Brief: Restate word for word the lines below from the one that has "- 客户端页面渲染阶段的瓶颈点:构建 DOM 树阶段、CSS 样式计算阶段和布局阶段。" through the one that has "These videos were", keeping both and dropping all pictures.

Data:

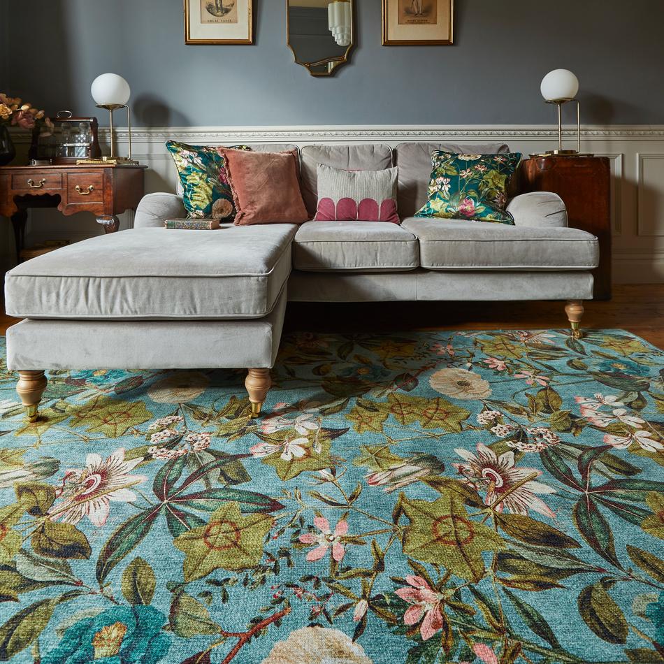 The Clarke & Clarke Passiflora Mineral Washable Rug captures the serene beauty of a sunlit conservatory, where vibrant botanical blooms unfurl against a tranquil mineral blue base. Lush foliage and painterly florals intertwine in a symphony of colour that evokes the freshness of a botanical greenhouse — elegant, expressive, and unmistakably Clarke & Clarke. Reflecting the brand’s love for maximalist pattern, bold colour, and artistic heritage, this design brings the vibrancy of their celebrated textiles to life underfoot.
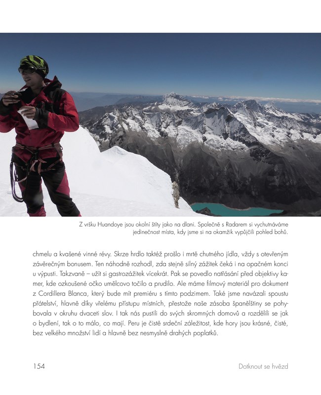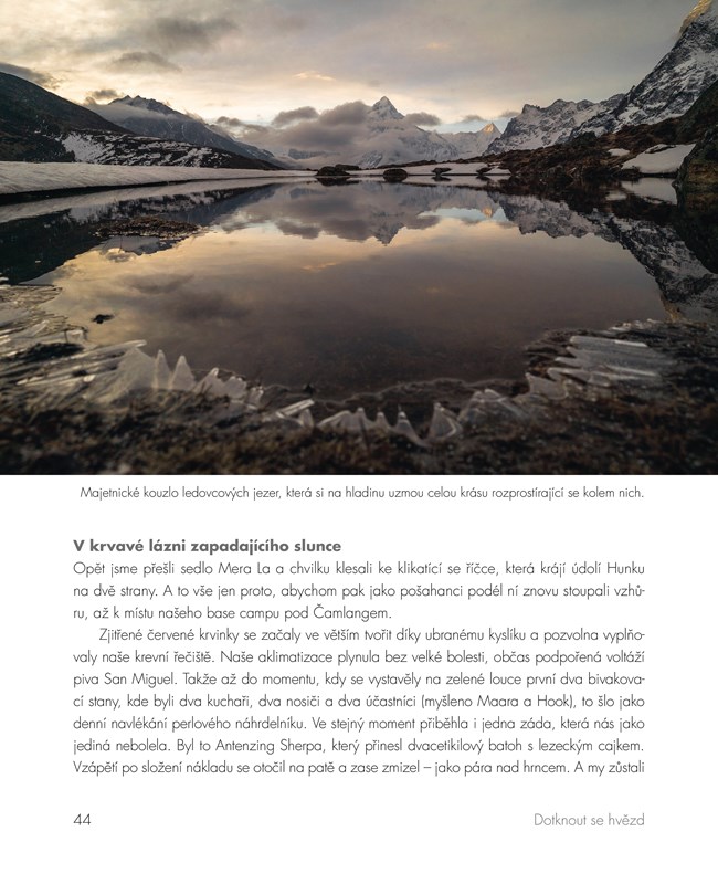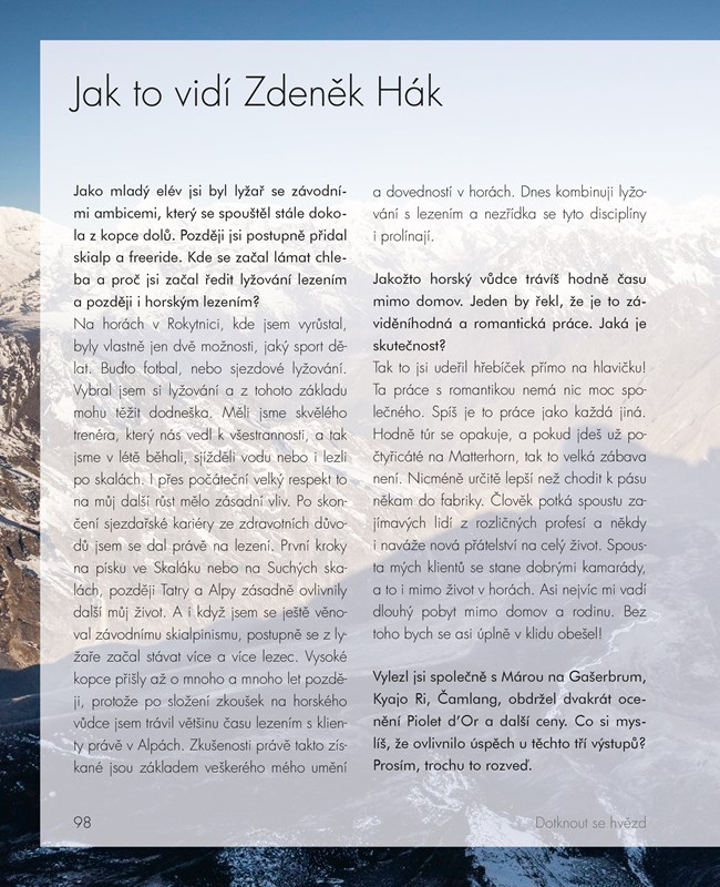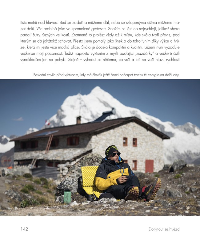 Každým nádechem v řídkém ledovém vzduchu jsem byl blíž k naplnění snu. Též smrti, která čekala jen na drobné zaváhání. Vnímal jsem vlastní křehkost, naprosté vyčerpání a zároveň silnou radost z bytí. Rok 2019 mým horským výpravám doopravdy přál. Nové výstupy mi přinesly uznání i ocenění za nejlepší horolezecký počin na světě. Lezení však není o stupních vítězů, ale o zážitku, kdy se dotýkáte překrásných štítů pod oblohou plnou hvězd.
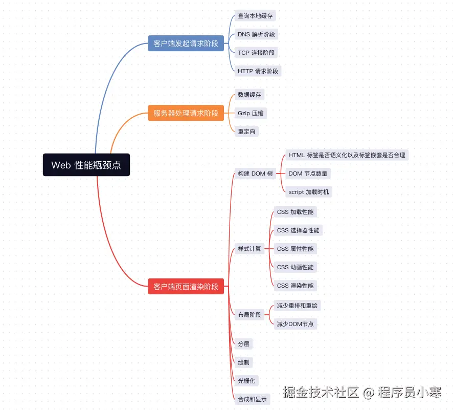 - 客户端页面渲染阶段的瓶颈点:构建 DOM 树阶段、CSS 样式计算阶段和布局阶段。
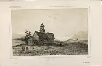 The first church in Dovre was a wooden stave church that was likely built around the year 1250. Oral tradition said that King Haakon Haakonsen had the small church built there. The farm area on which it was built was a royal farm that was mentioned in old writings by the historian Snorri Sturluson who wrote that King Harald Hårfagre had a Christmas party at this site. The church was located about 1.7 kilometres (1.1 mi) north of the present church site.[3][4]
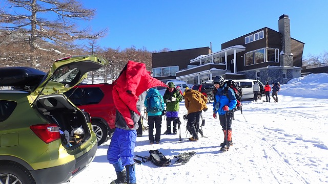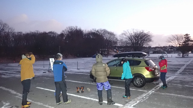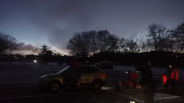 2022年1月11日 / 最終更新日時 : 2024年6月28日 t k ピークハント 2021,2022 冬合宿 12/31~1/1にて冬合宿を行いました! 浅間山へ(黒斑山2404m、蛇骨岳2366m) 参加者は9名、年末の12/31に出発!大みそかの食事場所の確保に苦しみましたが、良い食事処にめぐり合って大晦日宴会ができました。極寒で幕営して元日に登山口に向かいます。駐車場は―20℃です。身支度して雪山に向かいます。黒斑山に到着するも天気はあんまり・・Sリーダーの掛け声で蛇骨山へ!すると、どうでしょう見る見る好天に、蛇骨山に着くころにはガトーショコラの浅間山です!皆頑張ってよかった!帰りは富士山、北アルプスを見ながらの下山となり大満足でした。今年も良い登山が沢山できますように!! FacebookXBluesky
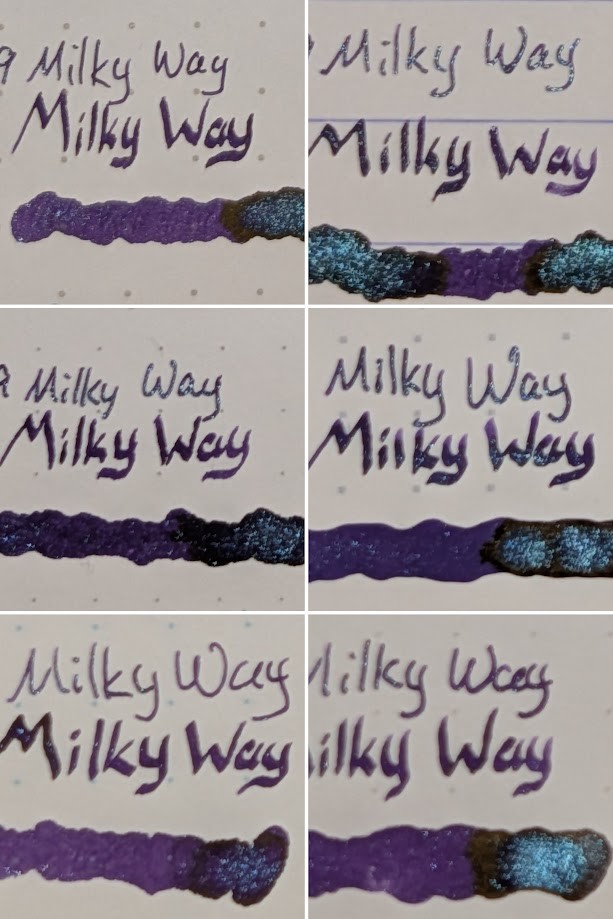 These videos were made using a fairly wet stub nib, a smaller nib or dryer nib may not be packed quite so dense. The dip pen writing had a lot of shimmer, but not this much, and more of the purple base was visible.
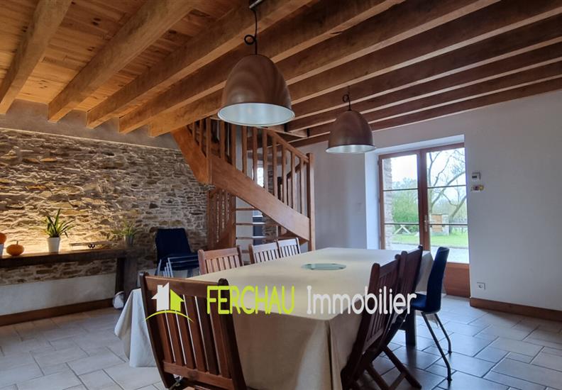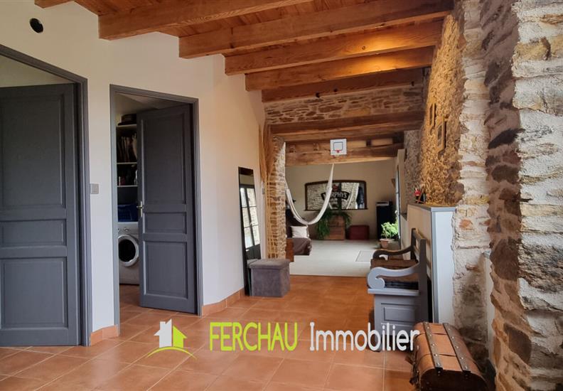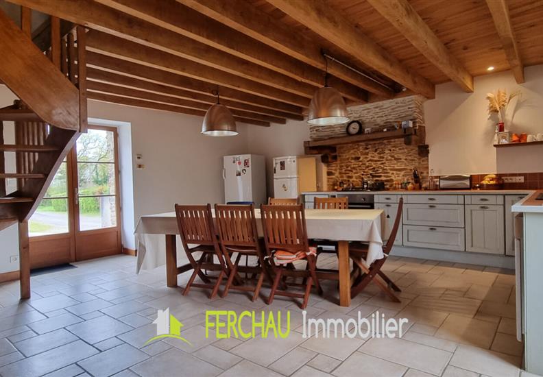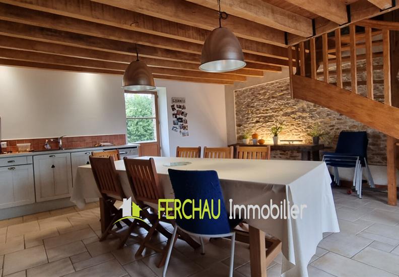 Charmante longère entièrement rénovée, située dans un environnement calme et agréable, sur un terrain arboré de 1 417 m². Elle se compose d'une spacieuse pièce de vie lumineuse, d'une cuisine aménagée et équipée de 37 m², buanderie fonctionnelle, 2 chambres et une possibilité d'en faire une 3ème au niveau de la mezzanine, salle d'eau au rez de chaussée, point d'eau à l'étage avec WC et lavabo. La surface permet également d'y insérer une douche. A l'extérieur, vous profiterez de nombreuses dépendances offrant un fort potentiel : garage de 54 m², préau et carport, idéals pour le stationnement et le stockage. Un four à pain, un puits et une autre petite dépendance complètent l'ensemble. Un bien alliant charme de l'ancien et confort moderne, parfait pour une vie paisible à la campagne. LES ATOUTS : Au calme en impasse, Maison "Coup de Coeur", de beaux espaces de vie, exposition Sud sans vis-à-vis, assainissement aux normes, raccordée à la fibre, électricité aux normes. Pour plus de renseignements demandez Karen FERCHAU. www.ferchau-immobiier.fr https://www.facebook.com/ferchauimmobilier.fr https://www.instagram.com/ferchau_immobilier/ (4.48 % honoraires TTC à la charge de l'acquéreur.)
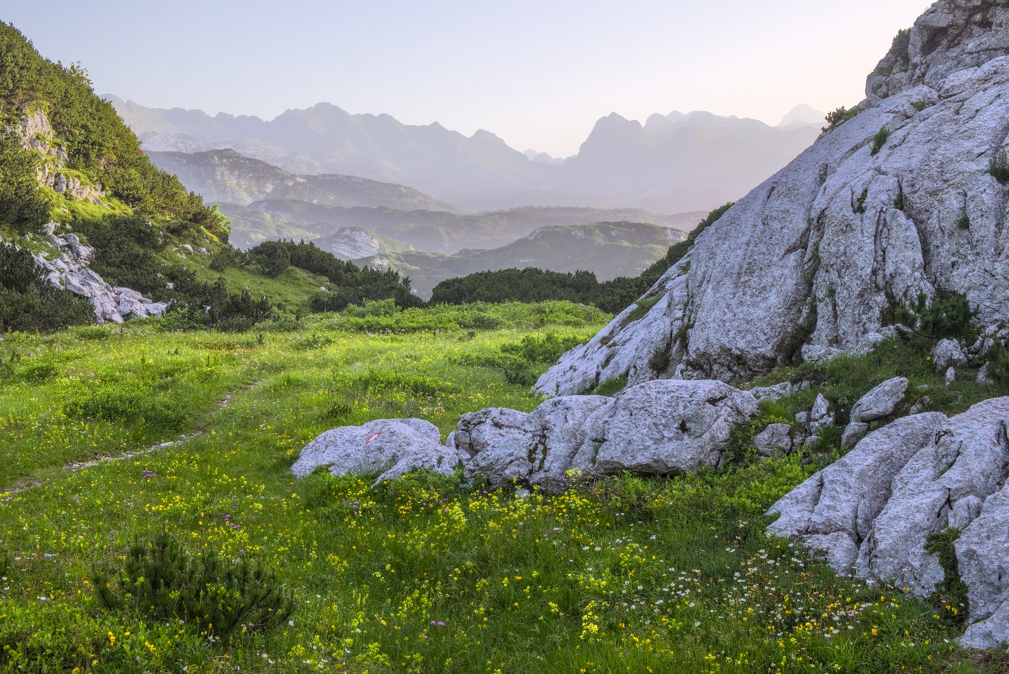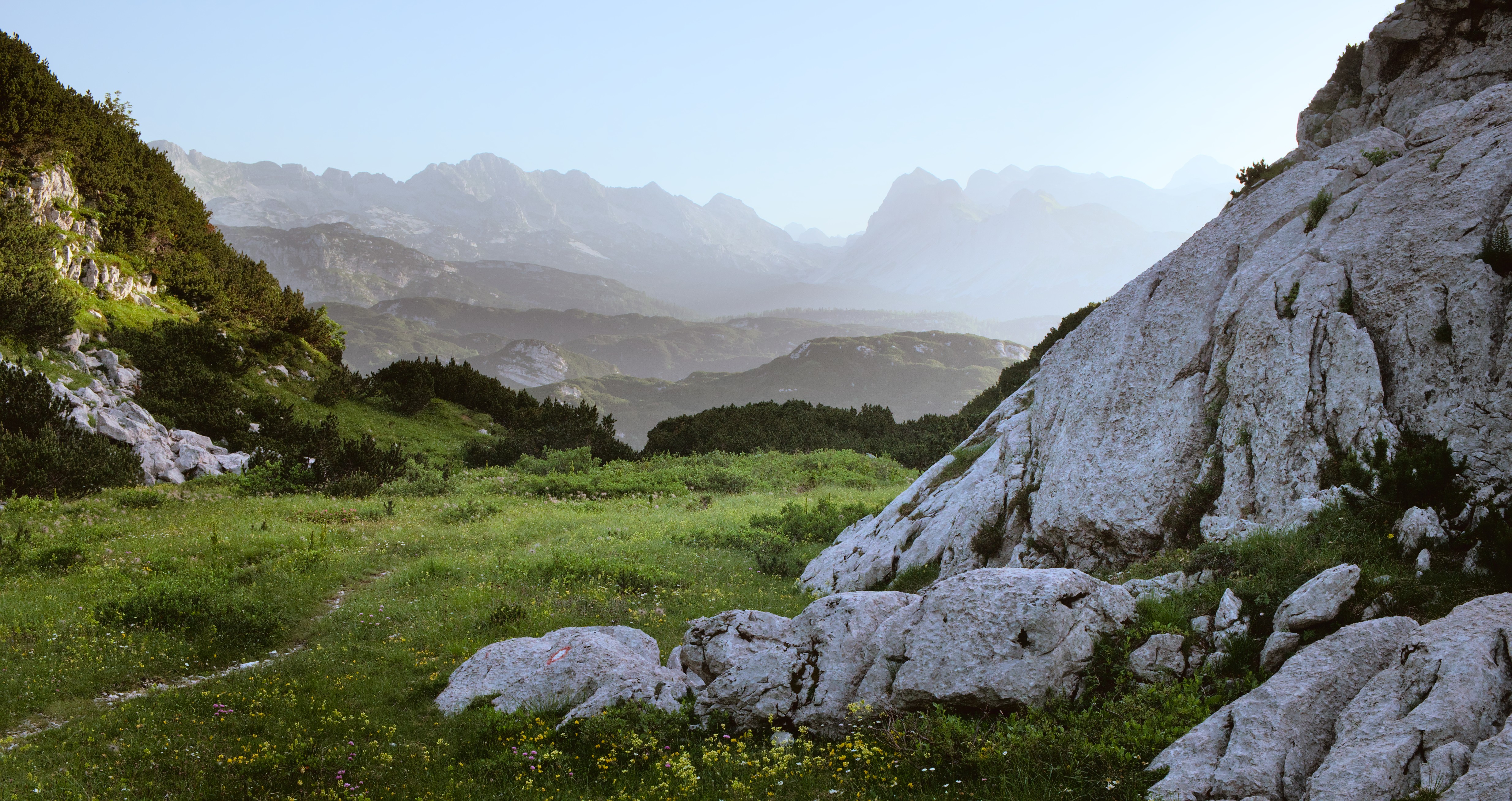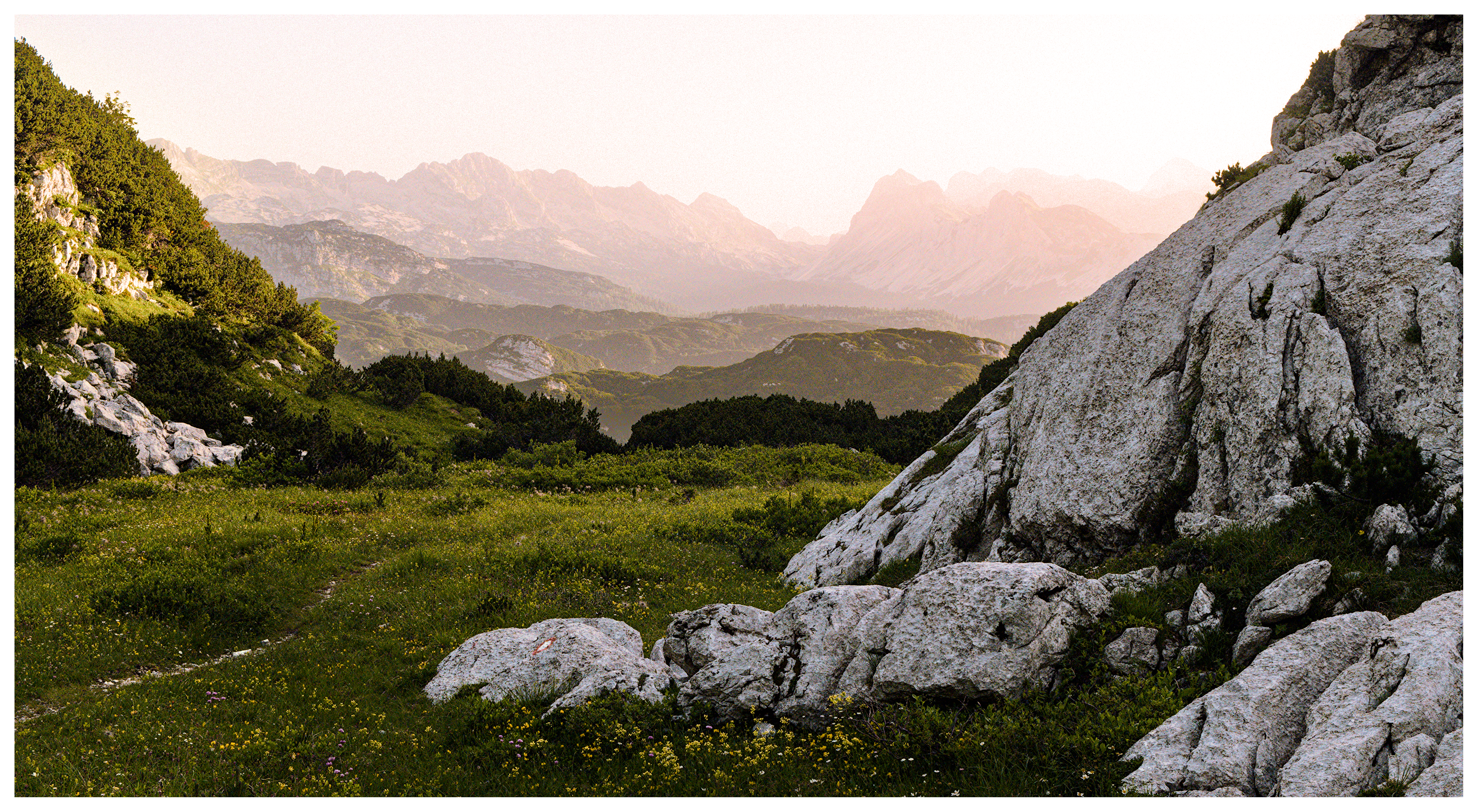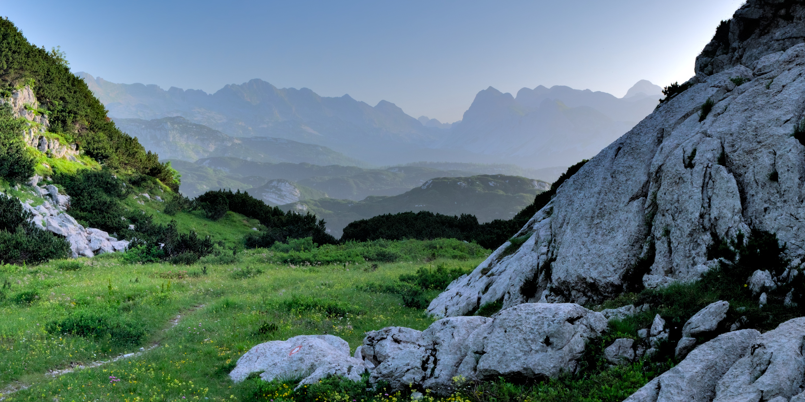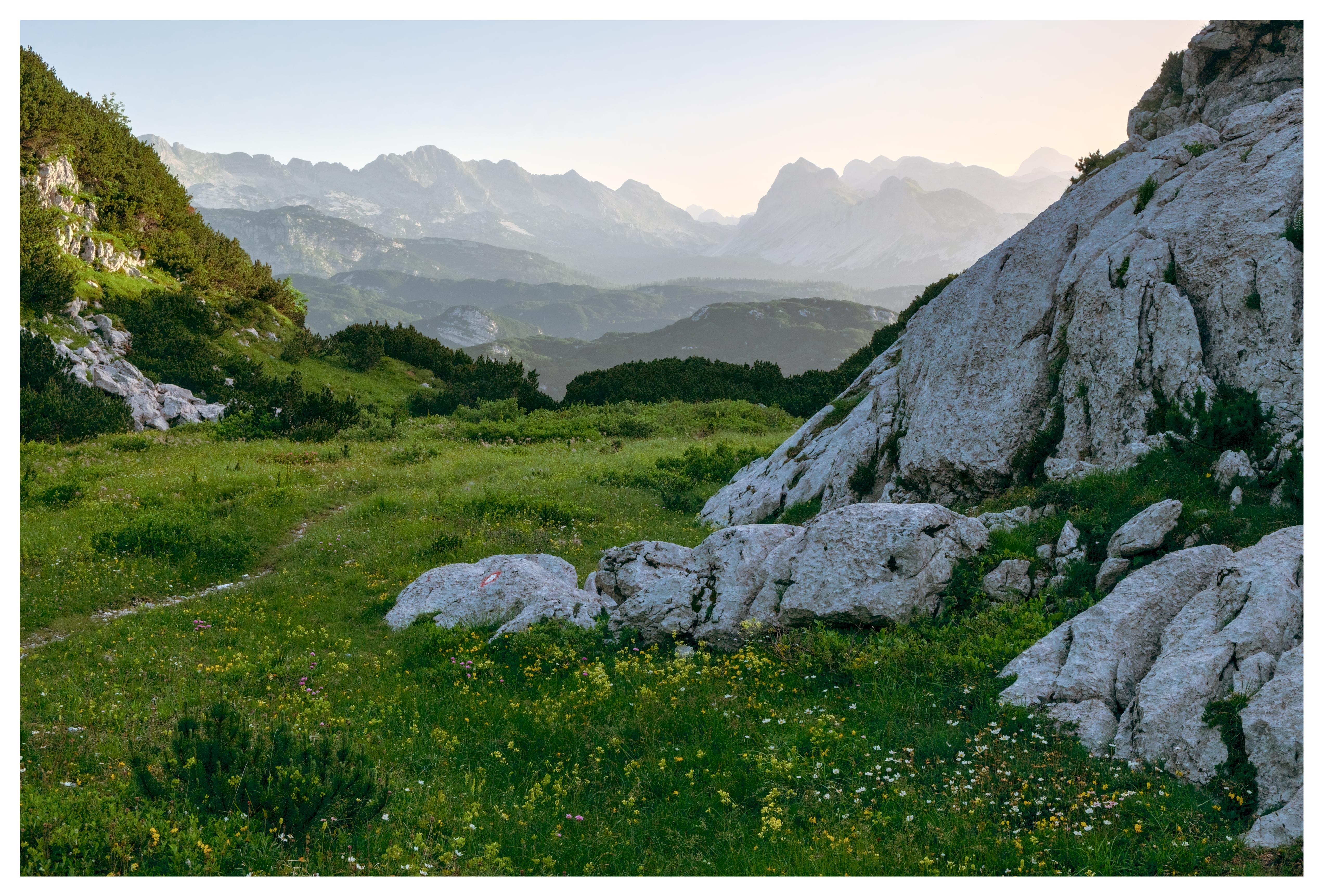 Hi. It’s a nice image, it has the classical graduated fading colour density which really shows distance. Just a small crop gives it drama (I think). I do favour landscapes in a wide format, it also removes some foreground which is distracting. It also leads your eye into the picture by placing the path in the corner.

Task response:
 - 客户端页面渲染阶段的瓶颈点:构建 DOM 树阶段、CSS 样式计算阶段和布局阶段。
 The first church in Dovre was a wooden stave church that was likely built around the year 1250. Oral tradition said that King Haakon Haakonsen had the small church built there. The farm area on which it was built was a royal farm that was mentioned in old writings by the historian Snorri Sturluson who wrote that King Harald Hårfagre had a Christmas party at this site. The church was located about 1.7 kilometres (1.1 mi) north of the present church site.[3][4]
 2022年1月11日 / 最終更新日時 : 2024年6月28日 t k ピークハント 2021,2022 冬合宿 12/31~1/1にて冬合宿を行いました! 浅間山へ(黒斑山2404m、蛇骨岳2366m) 参加者は9名、年末の12/31に出発!大みそかの食事場所の確保に苦しみましたが、良い食事処にめぐり合って大晦日宴会ができました。極寒で幕営して元日に登山口に向かいます。駐車場は―20℃です。身支度して雪山に向かいます。黒斑山に到着するも天気はあんまり・・Sリーダーの掛け声で蛇骨山へ!すると、どうでしょう見る見る好天に、蛇骨山に着くころにはガトーショコラの浅間山です!皆頑張ってよかった!帰りは富士山、北アルプスを見ながらの下山となり大満足でした。今年も良い登山が沢山できますように!! FacebookXBluesky
 These videos were made using a fairly wet stub nib, a smaller nib or dryer nib may not be packed quite so dense. The dip pen writing had a lot of shimmer, but not this much, and more of the purple base was visible.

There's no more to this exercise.